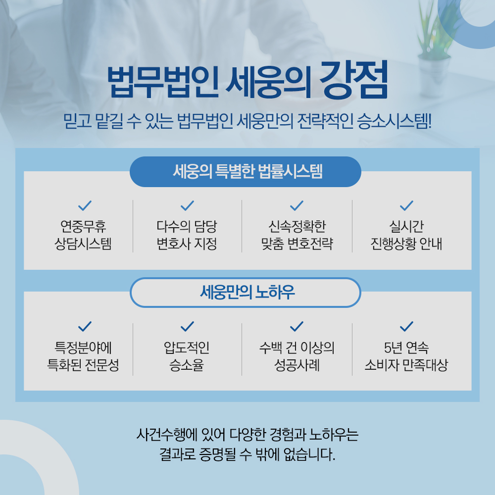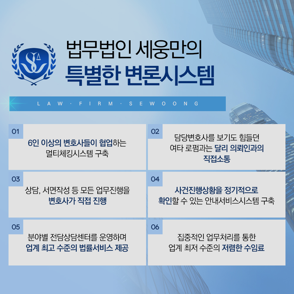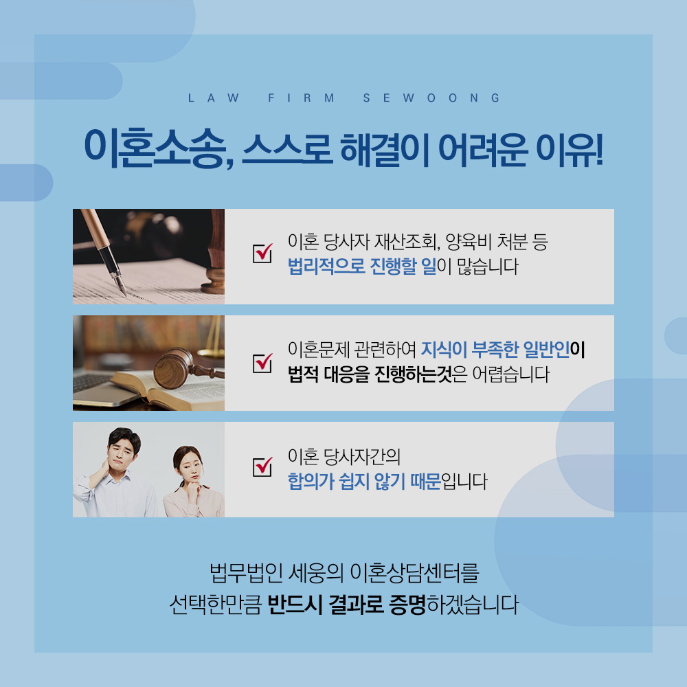 더불어 배우자의 폭행, 협박, 외도 등 일련의 사유로 혼인관계를 정리하기로 결심하고 위자료를 청구하는 것은 물론 자신의 기여분에 맞는 재산분할을 원하신다면 변호인과 자세한 이야기를 나누며 자신의 권리를 행사해보시기 바랍니다. 각종 판례 및 법령에 능숙하고 실무경험이 풍부한 전문가가 여러분의 권리행사를 도와드리겠습니다.
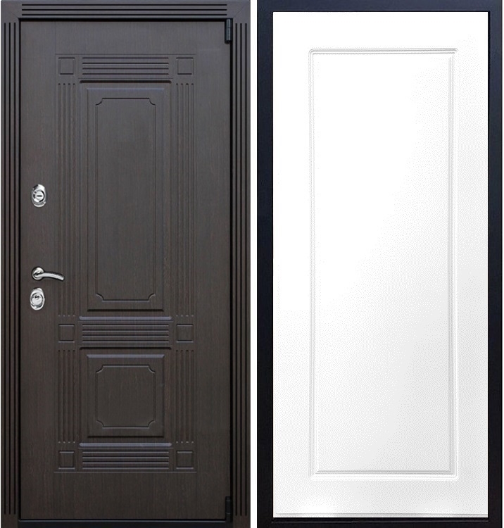 В комплект двери входит - Полотно + короб, декоративная панель с двух сторон, 2 - замка, личинка, ручки, декоративные накладки
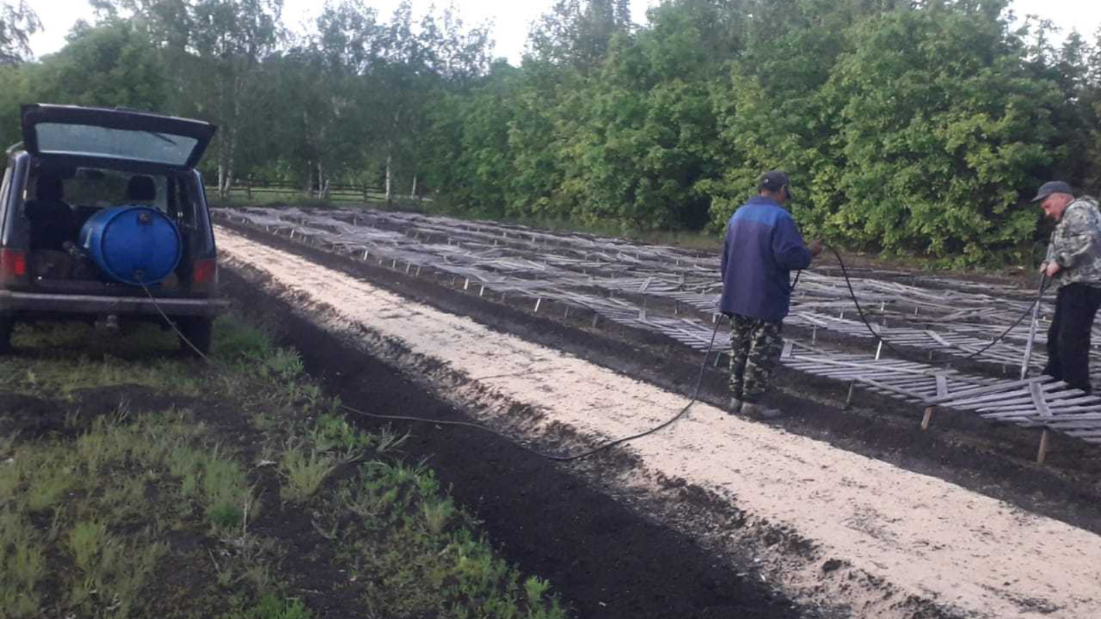 «Аксубай урманчылыгы» хезмәткәрләре Аксубай, Ибрай, Чабаксар кишәрлек урманчылыклары питомникларында каен чәчүлекләренә альтернариоздан сиптерү эшләрен, препарат (фунгицид) - Байзафон кулланып башкаралар.
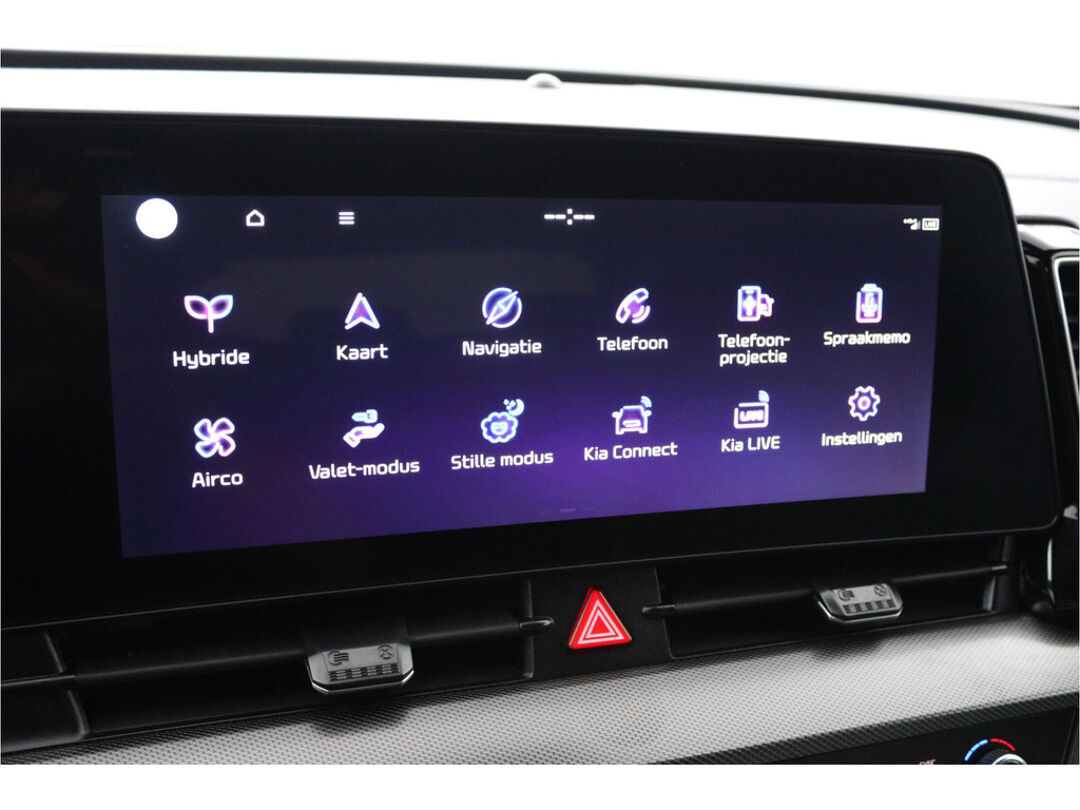 Stel de interface voor uw cockpit naar wens in met het digitale dashboard van deze auto. Hoeveel ruimte heeft u nog bij het inparkeren? De achteruitrijcamera brengt helder in beeld wat zich achter de auto bevindt en geeft een geluidssignaal. Adaptive cruise control houdt de ingestelde snelheid vast en houdt automatisch afstand tot uw voorligger. De auto's van vandaag rijden niet alleen subliem, maar luisteren ook goed. Via een speciale app kunt u overal diverse functies controleren en de status van de auto inzien. In deze Sportage vindt u niet alleen schakelaars op het stuur om het full map navigatiesysteem te bedienen en het audiosysteem met DAB-ontvangst, maar er is ook spraakbediening. Ook is de Kia uitgerust met: electronic climate control, sportstuur met schakelpaddels, regensensor, keyless entry en automatisch dimmende binnenspiegel.
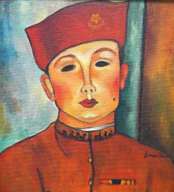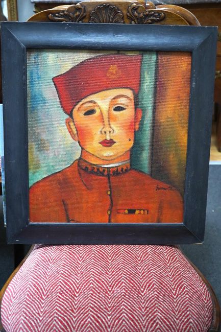Yvonne Eleini, oil on canvas board, Portrait of a Russian soldier in military dress, signed, 41 x 38cm. Condition - good
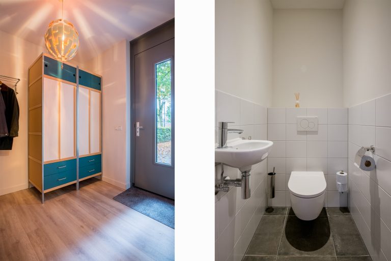 Hal, met pvc vloer met vloerverwarming en – koeling, schuurwerk wanden en spuitwerk plafond. De hal is voorzien van de meterkast met 10 lichtgroepen, 1 krachtgroep, 3 aardlekschakelaars en de PV groep.
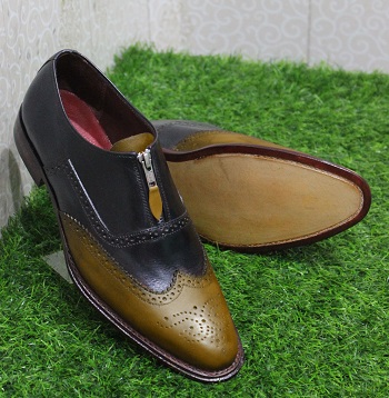 Men's Handmade Leather Black & Brown Leather Stylish Front Zipper Style Wing Tip Casual & Dress Wear Boots
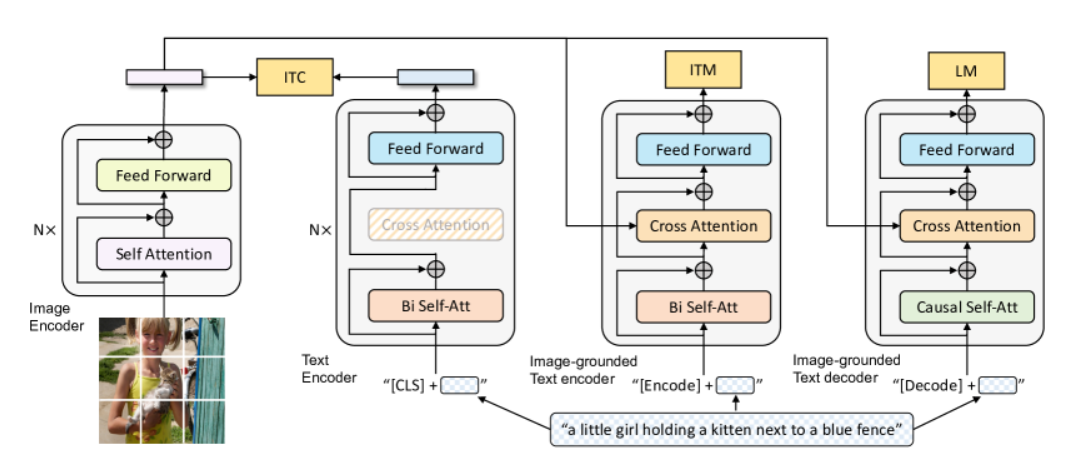 如果只看左边3部分的话,非常地像ALBEF,为了能做文本生成的任务,作者加入了一个decoder,并且把MLM loss 换成了LM loss(GPT类模型的loss,预测下一个词)
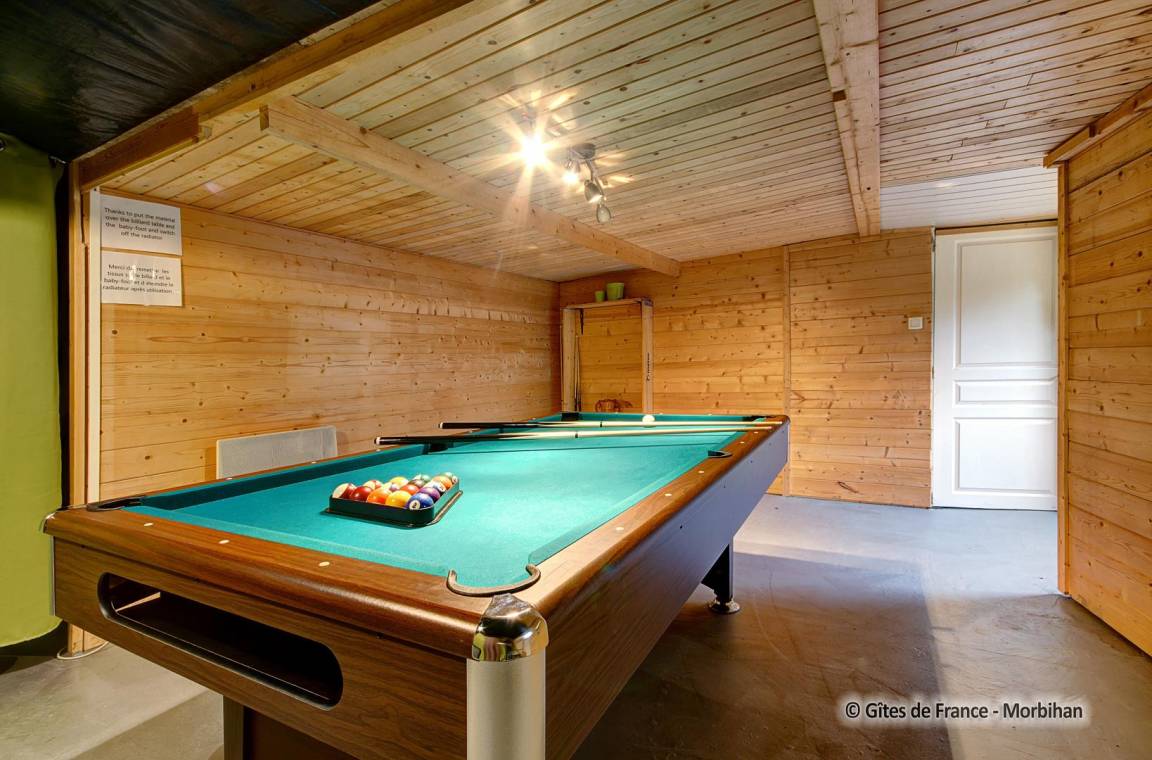 Zusätzlich gibt es einen Raum mit einem Billardtisch sowie eine Waschküche im Keller. Das Haus verfügt über eine zentrale Staubsaugeranlage und eine Staubabsaugung in der Küche. Im Außenbereich: privater, beheizter Pool (Juni bis September), private Terrasse mit Gartenmöbeln und Grill sowie ein Garten mit Spielgeräten (Trampolin, Bouleplatz, Schaukel, Holzhütte) zur gemeinsamen Nutzung mit dem Eigentümer. Parkplätze vor der Unterkunft (3 bis 4 Fahrzeuge).
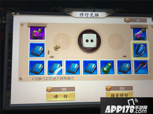 这时你就闭着眼睛点修行吧,每次100点,不建议使用指定修行,浪费点数,而且前期的修行奖励都很实用,没有垃圾一说,所以摇到什么算什么,特殊修行就是全部是二级辅助书,随便摇。
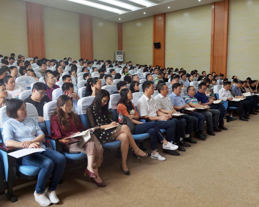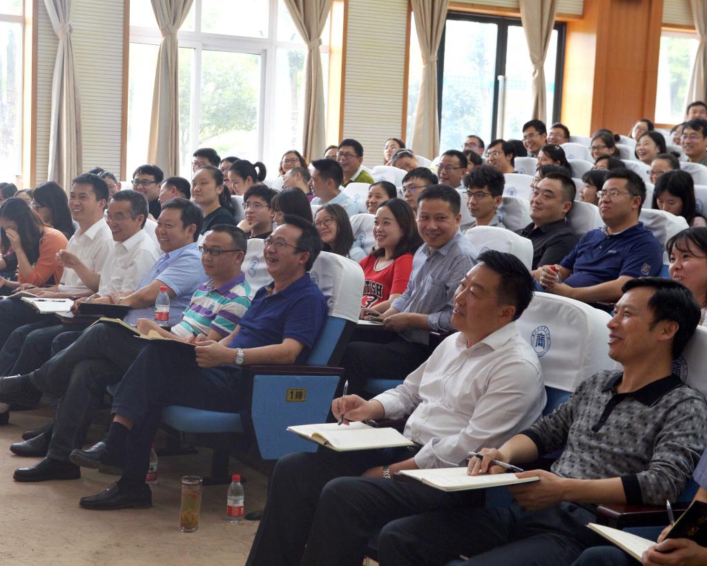 【文/谭吾毅 图/齐鲜】为深入学习贯彻习近平新时代中国特色社会主义思想和党的十九大精神,落实优质校“大党建”“大思政”建设要求,5月30日下午,学校举办“不忘初心、牢记使命”主题教育系列讲座,中国国史研究会理事、重庆市委党校著名党史研究专家、国家级重点学术期刊《重庆行政》编辑部主任张新华教授应邀来到学校,作了第一场专题讲座。党委书记谭勇,院长冉光学,副院长丁谦、张荣、舒鸿,副科级以上干部及师生党员260余人聆听讲座。
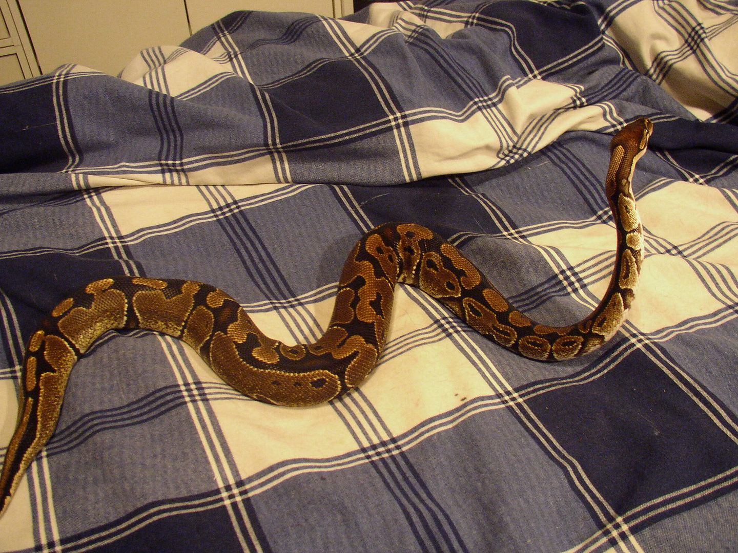 this is my ball python, Sniffie. He's been refusing food lately, but he shed the other day and accepted a rat, so I'm happy. I took this photo a while back but I felt like sharing :>
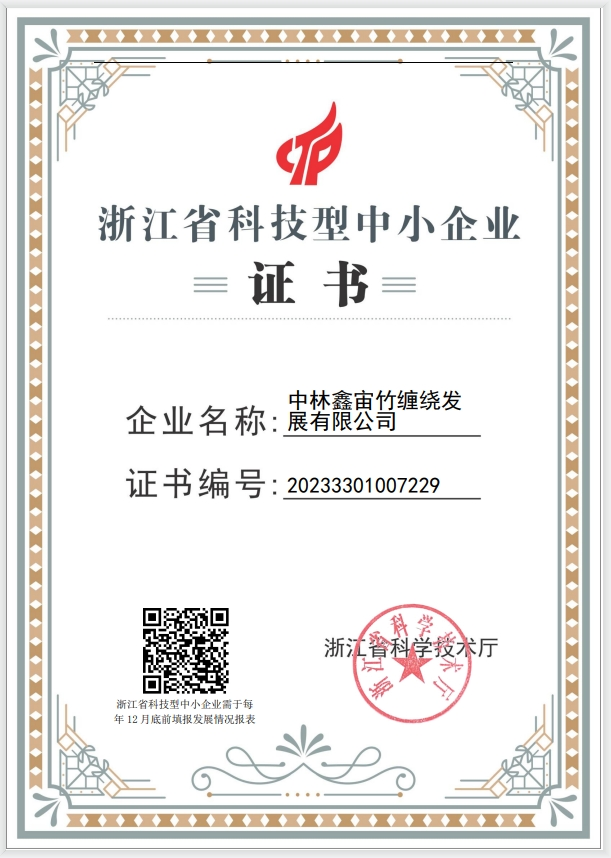 本次省科技型中小企业的认定,是对公司深耕于竹缠绕产业开展科技创新的鼓励和认可。作为创建世界一流专精特新示范企业,中林鑫宙公司将在中林集团战略引领下,不断探索竹缠绕研发途径,改进工艺质量标准,以科技创新促进企业发展,为竹产业高质量发展贡献力量。
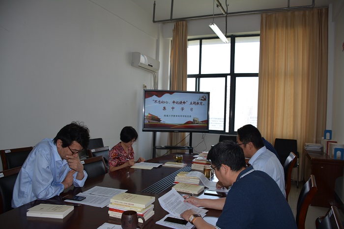 9月25日,校纪委书记陆国平为学院全体党员上了专题党课;9月23日至26日,理论中心组先后举行了四次主题教育集中学习研讨,围绕“严格党内组织生活,增强党性修养”、“牢记初心使命,推进自我革命”、“廉洁自律,造就高素质干部队伍”、“加强党的政治建设,严守政治纪律和政治规矩”等主题,朱丹、徐红波、沈永江、姜永杰分别领学;第五次集中学习研讨以“做党和人民满意的好老师”为主题,由陈炜领学,将于29日完成。主题教育期间,学院还组织各支部围绕《习近平新时代中国特色社会主义思想学习纲要》《习近平关于“不忘初心、牢记使命”论述摘编》两本教材开展集中学习。
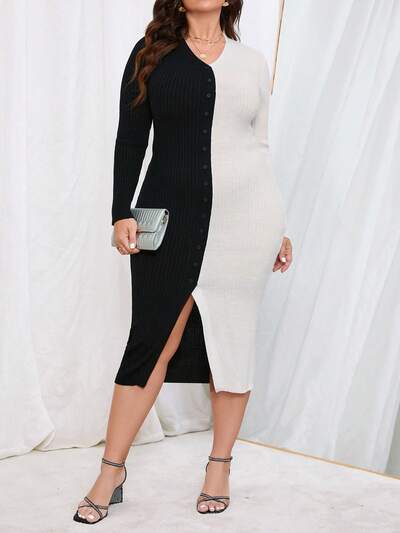 Plus Polo Neck Ribbed Knit Sweater Dress Fall Cloth For Women-60%
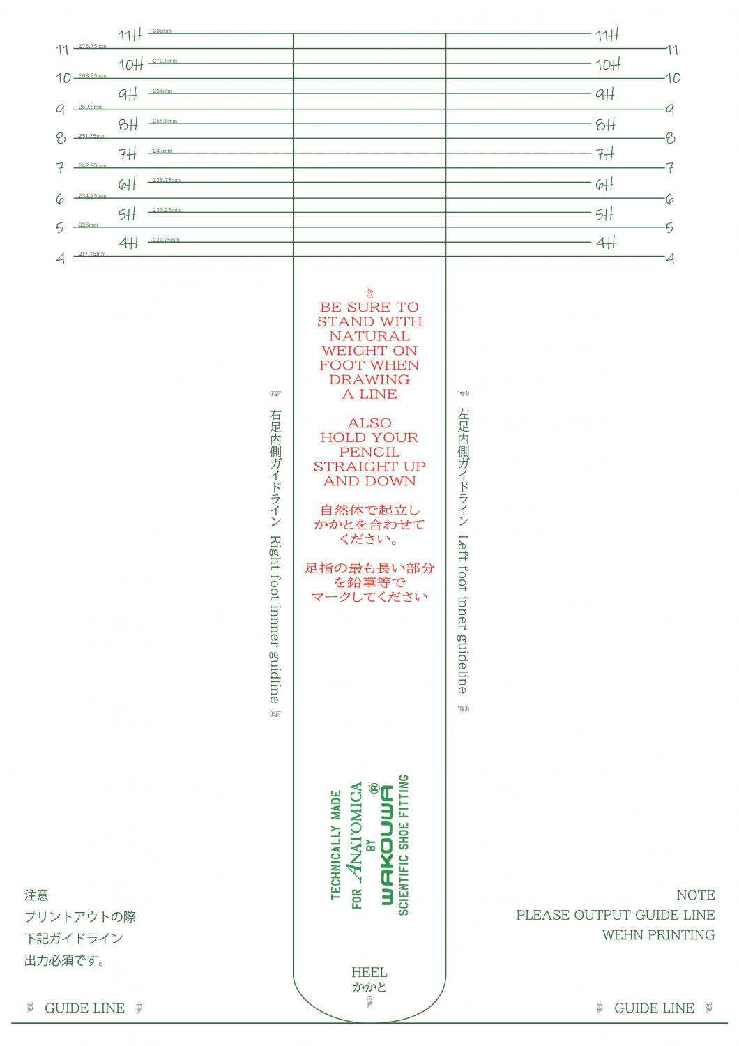 4、 「guide line」にかかとを合わせ、左足であれば左足の内側を縦の「guide line」に沿わせます。この際に足を揃えて自然体で真下を見て下さい。足の一番長いところが指し示している箇所にペンで印を付けてください。(足の指を傷つけないようにご注意ください。)そこがお客様の足長となります。前かがみになりすぎたり、逆に後ろに体重がのっていると間違ったサイズを選んでしまう恐れがあります。

***

#### THE TASK:
Every entry above is to be repeated word for word, with all pictures omitted.

#### EXPECTED ANSWER:
 더불어 배우자의 폭행, 협박, 외도 등 일련의 사유로 혼인관계를 정리하기로 결심하고 위자료를 청구하는 것은 물론 자신의 기여분에 맞는 재산분할을 원하신다면 변호인과 자세한 이야기를 나누며 자신의 권리를 행사해보시기 바랍니다. 각종 판례 및 법령에 능숙하고 실무경험이 풍부한 전문가가 여러분의 권리행사를 도와드리겠습니다.
 В комплект двери входит - Полотно + короб, декоративная панель с двух сторон, 2 - замка, личинка, ручки, декоративные накладки
 «Аксубай урманчылыгы» хезмәткәрләре Аксубай, Ибрай, Чабаксар кишәрлек урманчылыклары питомникларында каен чәчүлекләренә альтернариоздан сиптерү эшләрен, препарат (фунгицид) - Байзафон кулланып башкаралар.
 Stel de interface voor uw cockpit naar wens in met het digitale dashboard van deze auto. Hoeveel ruimte heeft u nog bij het inparkeren? De achteruitrijcamera brengt helder in beeld wat zich achter de auto bevindt en geeft een geluidssignaal. Adaptive cruise control houdt de ingestelde snelheid vast en houdt automatisch afstand tot uw voorligger. De auto's van vandaag rijden niet alleen subliem, maar luisteren ook goed. Via een speciale app kunt u overal diverse functies controleren en de status van de auto inzien. In deze Sportage vindt u niet alleen schakelaars op het stuur om het full map navigatiesysteem te bedienen en het audiosysteem met DAB-ontvangst, maar er is ook spraakbediening. Ook is de Kia uitgerust met: electronic climate control, sportstuur met schakelpaddels, regensensor, keyless entry en automatisch dimmende binnenspiegel.
Yvonne Eleini, oil on canvas board, Portrait of a Russian soldier in military dress, signed, 41 x 38cm. Condition - good
 Hal, met pvc vloer met vloerverwarming en – koeling, schuurwerk wanden en spuitwerk plafond. De hal is voorzien van de meterkast met 10 lichtgroepen, 1 krachtgroep, 3 aardlekschakelaars en de PV groep.
 Men's Handmade Leather Black & Brown Leather Stylish Front Zipper Style Wing Tip Casual & Dress Wear Boots
 如果只看左边3部分的话,非常地像ALBEF,为了能做文本生成的任务,作者加入了一个decoder,并且把MLM loss 换成了LM loss(GPT类模型的loss,预测下一个词)
 Zusätzlich gibt es einen Raum mit einem Billardtisch sowie eine Waschküche im Keller. Das Haus verfügt über eine zentrale Staubsaugeranlage und eine Staubabsaugung in der Küche. Im Außenbereich: privater, beheizter Pool (Juni bis September), private Terrasse mit Gartenmöbeln und Grill sowie ein Garten mit Spielgeräten (Trampolin, Bouleplatz, Schaukel, Holzhütte) zur gemeinsamen Nutzung mit dem Eigentümer. Parkplätze vor der Unterkunft (3 bis 4 Fahrzeuge).
 这时你就闭着眼睛点修行吧,每次100点,不建议使用指定修行,浪费点数,而且前期的修行奖励都很实用,没有垃圾一说,所以摇到什么算什么,特殊修行就是全部是二级辅助书,随便摇。
 【文/谭吾毅 图/齐鲜】为深入学习贯彻习近平新时代中国特色社会主义思想和党的十九大精神,落实优质校“大党建”“大思政”建设要求,5月30日下午,学校举办“不忘初心、牢记使命”主题教育系列讲座,中国国史研究会理事、重庆市委党校著名党史研究专家、国家级重点学术期刊《重庆行政》编辑部主任张新华教授应邀来到学校,作了第一场专题讲座。党委书记谭勇,院长冉光学,副院长丁谦、张荣、舒鸿,副科级以上干部及师生党员260余人聆听讲座。
 this is my ball python, Sniffie. He's been refusing food lately, but he shed the other day and accepted a rat, so I'm happy. I took this photo a while back but I felt like sharing :>
 本次省科技型中小企业的认定,是对公司深耕于竹缠绕产业开展科技创新的鼓励和认可。作为创建世界一流专精特新示范企业,中林鑫宙公司将在中林集团战略引领下,不断探索竹缠绕研发途径,改进工艺质量标准,以科技创新促进企业发展,为竹产业高质量发展贡献力量。
 9月25日,校纪委书记陆国平为学院全体党员上了专题党课;9月23日至26日,理论中心组先后举行了四次主题教育集中学习研讨,围绕“严格党内组织生活,增强党性修养”、“牢记初心使命,推进自我革命”、“廉洁自律,造就高素质干部队伍”、“加强党的政治建设,严守政治纪律和政治规矩”等主题,朱丹、徐红波、沈永江、姜永杰分别领学;第五次集中学习研讨以“做党和人民满意的好老师”为主题,由陈炜领学,将于29日完成。主题教育期间,学院还组织各支部围绕《习近平新时代中国特色社会主义思想学习纲要》《习近平关于“不忘初心、牢记使命”论述摘编》两本教材开展集中学习。
 Plus Polo Neck Ribbed Knit Sweater Dress Fall Cloth For Women-60%
 4、 「guide line」にかかとを合わせ、左足であれば左足の内側を縦の「guide line」に沿わせます。この際に足を揃えて自然体で真下を見て下さい。足の一番長いところが指し示している箇所にペンで印を付けてください。(足の指を傷つけないようにご注意ください。)そこがお客様の足長となります。前かがみになりすぎたり、逆に後ろに体重がのっていると間違ったサイズを選んでしまう恐れがあります。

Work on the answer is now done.